I am on a journey to learn optimization, during college I took courses in Numerical Optimization and Optimal Control, needless to say I was fascinated by the subjects.

The plan is to learn enough material to use in a career for development of space vehicles.

I will focus on:

  • Trajectory Optimization
  • Model Predictive Control
  • Monte Carlo Simulations

I plan to use Python and the CasADi library to faciliate my learning experience.
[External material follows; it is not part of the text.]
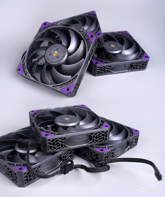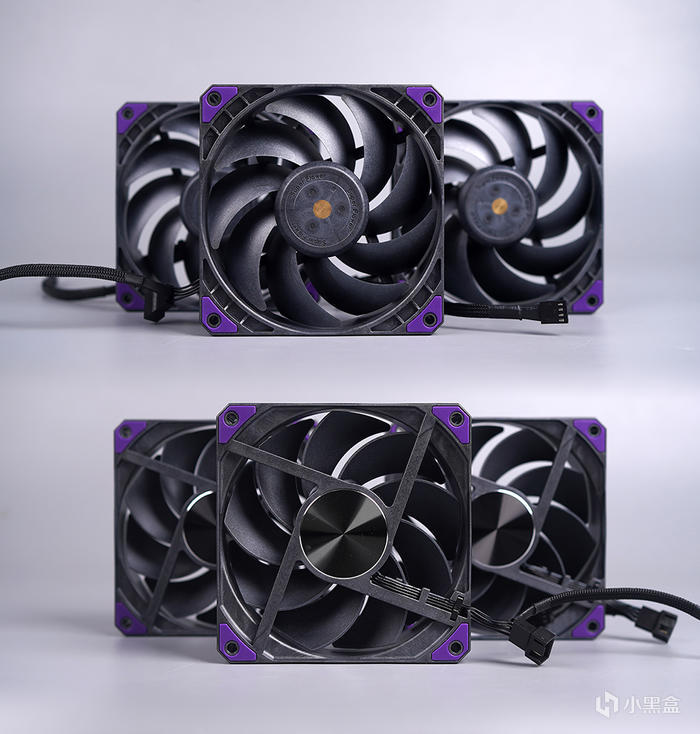 風扇的本體,通體採用了同級別風扇常見的 LCP 液晶聚合物,有着非常不錯質感。採用 30mm 厚度,9 片大扇葉設計,具備有更高的風量與風壓。背面軸承座四條固定加強筋樣式,正反面都各有四個紫色的減震膠墊,可有效降噪和減振,軸心給到同心圓不鏽鋼高光倒邊的貼標修飾。

This repository will contain example code from their examaple repo and any other ideas I come up with.

Optimal Control Review

  • Trajectory Optimization
    • Control as a function of time
    • Single initial state
    • Types
      • Direct Methods
        • Solve a non-linear program
        • Widely used in practice
      • Indirect Methods
        • Solve non-linear root finding problem
        • Rarely used in practice
  • Policy Optimization
    • Control as a function of state
    • Arbitrary initial state
    • Types
      • Heuristic Optimization
        • Parameter optimization
        • Arbitrary objective function
      • Dynamic Programming
        • Partial differential equation
        • Dynamics and objective are function of state and control

Trajectory Optimization

Transcription Methods

  • Indirect Methods
    • "optimize then discretize"
    • more accurate
    • harder to pose and solve
  • Direct Methods
    • "discretize and optimize"
    • less accurate
    • easier to pose and solve

Trajectory Methods

  • Shooting Methods
    • Based on simulation
    • Better for problems with simple control and no path constraints
  • Collocation Methods
    • Based on function approximation
    • Better for problems with complicated control and/or path constraints

Fine Tunning

  • h-methods
    • Low-order method
    • Converge by increasing number of segments
    • Increaseing the number of control units increases accuracy
  • p-methods
    • High-order methods
    • Converge by increasing method order
    • Increasing method order provide better fitting, thus increasing accuracy
  • Adaptive Methods
    • Uses novel methods to switch between h-methods and p-methods to improve results

Trajectory Optimization Methods

  • Collocation Methods
    • Trapezoidal direct collocation
    • Hermite–Simpson direct collocation
    • Global orthogonal collocation (Chebyshev Lobatto)
  • Shooting Methods
    • Direct Single shooting
    • Direct multiple shooting (4th-order Runge–Kutta)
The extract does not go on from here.